I did a double take at my inbox alerts this morning as things have been rather quiet of late in the Pharma and Biotech world. You can read the financial aspects of the deal in Celgene's press release.
While the timing might be a little bit of a surprise, the strategic acquisition is not and makes a lot of commercial sense for Celgene. There are a number of reasons for my thinking here:
- It continues to build out of hematology with the beginnings of a solid tumour franchise since Abraxane is approved for breast cancer and has trials ongoing in pancreatic, lung, melanoma and bladder cancers.
- The patent life for Abraxane is something like 2023, much longer than lenalidomide (Revlimid) and with few near term opportunities in the oncology pipeline, this adds extra protection.
- Abraxane, while more expensive than generic paclitaxel, has probably been underfunded in clinical development and marketing efforts to date, so Celgene's thorough and aggressive approach may well kick start things, especially as they have cash to do so.
- Buying Abraxis gives them access to nanotechnology, which I think will become more important in the future as an improved drug delivery system.
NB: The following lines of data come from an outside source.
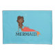 Esta design apresenta uma bela imagem de desenho animado de uma sereia feliz relaxando debaixo d'água. Ela é uma linda garota negra com cauda de peixe. Há bolhas de ar ao lado da cabeça dela. A palavra "MERMAID" é escrita por baixo da imagem.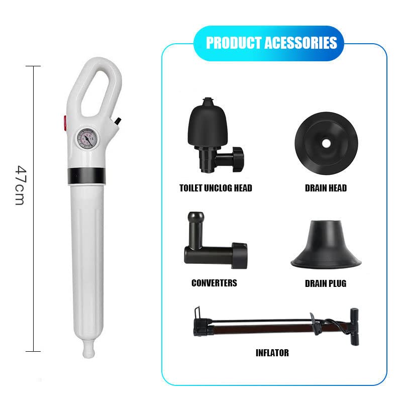 【Gebruik voor meerdere scènes】: de persluchtleidingreiniger kan snel slib, haar, toiletpapier, voedselresten, interne afvoerleidingen van gootstenen, toiletten, badkuipen, douches, gootstenen, gebogen kachels, vloerafvoeren, verstopte leidingen enz.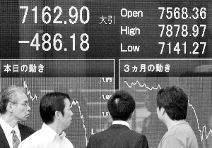 前一天暴跌9.6%的日本股市27日再遭重挫,股指大跌逾6%,收在26年來最低點。截至27日收盤,日經225指數(shù)跌486.18點,跌幅達6.4%,報7162.90點,為1982年10月7日以來最低收盤價。上周五,該指數(shù)暴跌9.6%,至五年半低點。 個股中,大型銀行股成為下跌主力。上周末有報道稱,日本幾大銀行正在考慮采取戰(zhàn)略性舉措來補充資本金。這些措施可能會稀釋現(xiàn)有股權,因而引發(fā)了更多拋售。 三菱日聯(lián)金融收盤狂瀉15%,至上市以來新低。瑞穗金融集團跌15%,三井住友金融跌12%。在三大銀行大跌拖累下,東證指數(shù)銀行分類指數(shù)當天收跌12.5%。 盡管日本經濟增長放緩,但日本的金融體系迄今為止并未受到金融危機最嚴重沖擊,該國的銀行業(yè)也并未爆發(fā)大型破產事件。但是,連續(xù)跳水的股市卻正在給日本的銀行帶來壓力,本月以來,日股市值已損失三分之一,可能成為有史以來損失最慘重的一個月。 日本媒體周末披露,股市暴跌不可避免地給金融機構帶來了巨大投資損失,為此,三菱日聯(lián)、瑞穗金融和三井住友三大銀行正在尋求巨額融資。 報道稱,日本最大銀行三菱日聯(lián)可能需要融資1萬億日元(108億美元)以充實資本;而緊隨其后的瑞穗金融和三井住友則可能各自尋求融資5000億日元(54億美元)。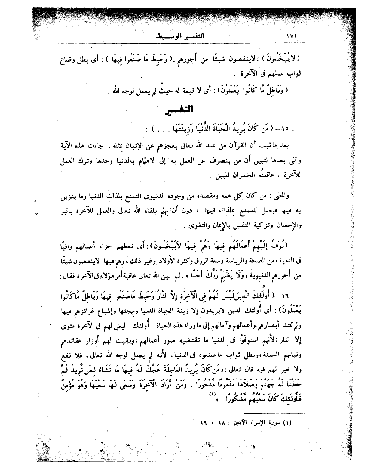 15 - {مَنْ كَانَ يُرِيدُ الْحَيَاةَ الدُّنْيَا وَزِينَتَهَا .... }: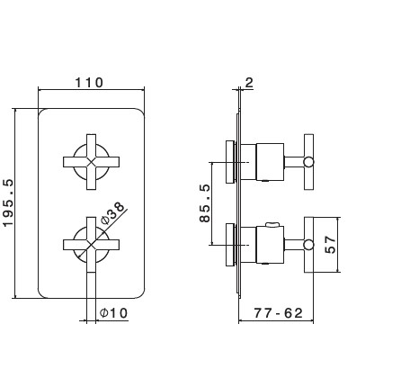 Z jednym uchwytem do regulacji temperatury i jednym uchwytem do zasilania i przepływu wody

Late last year, while at the AACR Molecular Targets meeting in Boston, I wrote about nanoparticle technology and how it appears to offer a chance of improved outcomes in pancreatic cancer using Abraxane. The concept described by the researchers at Mass General was solid and promising, as was the early phase I data. Sometimes, it's not just about drug A being better or more potent than drug B, but the science and thinking behind solving a problem is elegant and well thought out. This was one of those cases. A couple of Phase II trials have so far yielded early but promising results in a devastating disease. The latest results, reported by the Abraxis in May this year, look encouraging so far.
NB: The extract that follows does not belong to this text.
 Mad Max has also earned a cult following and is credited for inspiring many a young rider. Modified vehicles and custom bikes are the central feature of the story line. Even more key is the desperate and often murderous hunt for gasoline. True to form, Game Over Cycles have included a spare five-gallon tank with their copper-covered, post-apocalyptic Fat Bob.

Of course, most oncology specialists will know that melanoma, pancreatic and lung cancers as probably three of the four toughest cancers to get positive results in from phase III trials (the fourth is glioblastoma), but if any of them actually pan out with a significant difference in overall survival and FDA approval, then Celgene will have another winner on it's hands. I say 'if' because the road to approval and cancer drug development is littered with promising phase II studies that flopped or were sadly cancelled for futility in phase III.
Time will tell if this was a good acquisition or not, but for now, it's early but promising. That's ultimately both the lure and the heartache that is oncology.
You have to make the big plays to win.